One useful side effect of freezing a deposit is that an API token is not
required to access it. This is especially convenient for working with
outside collaborators, who will not in general have access to your
SANDBOX_TOKEN
. If the cache has been frozen, they will be able to
restore output from the cache both locally and when building pull requests
on GitHub Actions.
Note
It is important to keep in mind that Zenodo Sandbox deposits cannot be deleted. While the service is temporary—and can be wiped at any time to free up space on the Zenodo servers—users should take care to not abuse it!
Publishing the cache#
When you’re ready to publish or distribute your article to the outside world –and you’re confident the inputs to your cached rules won’t change again– you should consider migrating your cached outputs from Zenodo Sandbox to Zenodo. You can easily do this by running
showyourwork cache publish
in the top level of your repo. This will transfer the latest draft of your Zenodo Sandbox deposit over to Zenodo and publish it, giving it a permanent DOI (digital object identifier) and making it visible to unauthenticated users. Once you do this, anyone can take advantage of the caching functionality, for all of eternity (well, for as long as Zenodo continues to exist).

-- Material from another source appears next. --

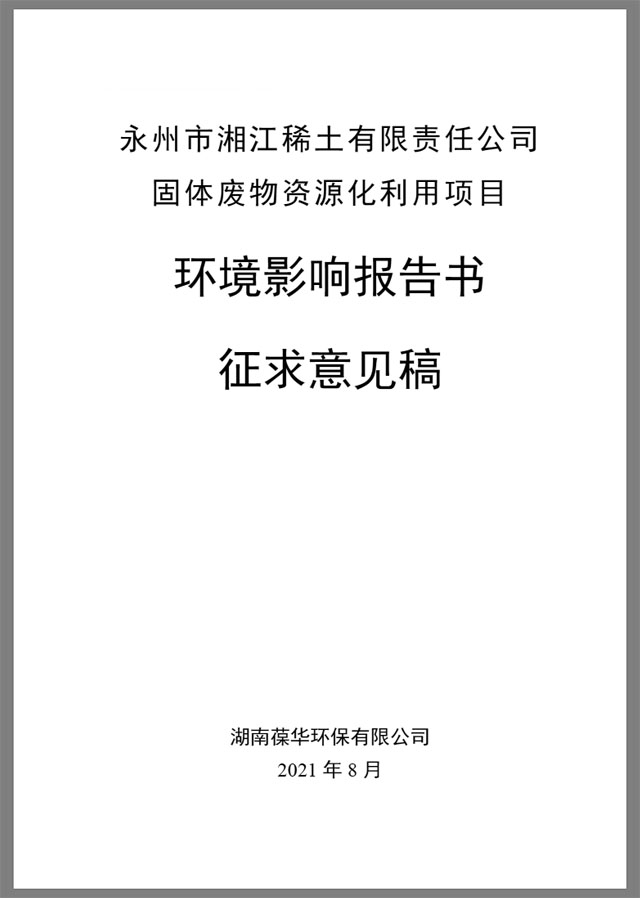 永州市湘江稀土有限責(zé)任公司固體廢物資源化利用項(xiàng)目 環(huán)境影響評(píng)價(jià)信息公示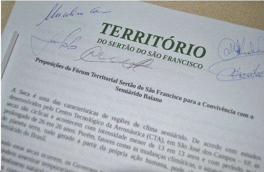 Foto 01Durante a Assembleia Itinerante da Bahia realizada em Juazeiro no último dia 04, o Fórum de Desenvolvimento Territorial, que esteve reunido nos dias 02 e 03, entregou aos membros da Comissão de Meio Ambiente, Seca e Recursos Hídricos, documento com propostas para a Convivência com o Semiárido baiano, tomando como referência o período de estiagem prolongada pelo qual o estado vem passando.

Note that in order for this step to work, you’ll need proper authentication
in the form of an API token stored as the environment variable ZENODO_TOKEN
.
This is different from the Zenodo Sandbox token we generated above. If you
don’t have one, you may generate one by clicking
here.
If you don’t yet have a Zenodo account, you’ll be asked to create one.
Note
Once you publish your deposit, further changes to a cached rule’s inputs
will result in a new draft being created on Zenodo Sandbox (much like what
happens when you freeze
your cache). Future runs of your workflow
will be able to restore the cache from any of the frozen versions on Zenodo Sandbox,
published versions on Zenodo, or from the latest draft on Zenodo Sandbox.
Warning
Published Zenodo deposits are permanent! There is no way to delete a Zenodo deposit once
it’s published, as it now has a perennial DOI associated with it. Therefore,
it is important that users be responsible in their use of this service!
If you simply want a few different versions of your cache while you develop
your project, please use the freeze
feature instead (see above).
Deleting the cache#
You can delete the latest Zenodo Sandbox cache draft for the current branch by running
showyourwork cache delete
Note that, as we mentioned above, you can’t delete deposits once they have been published!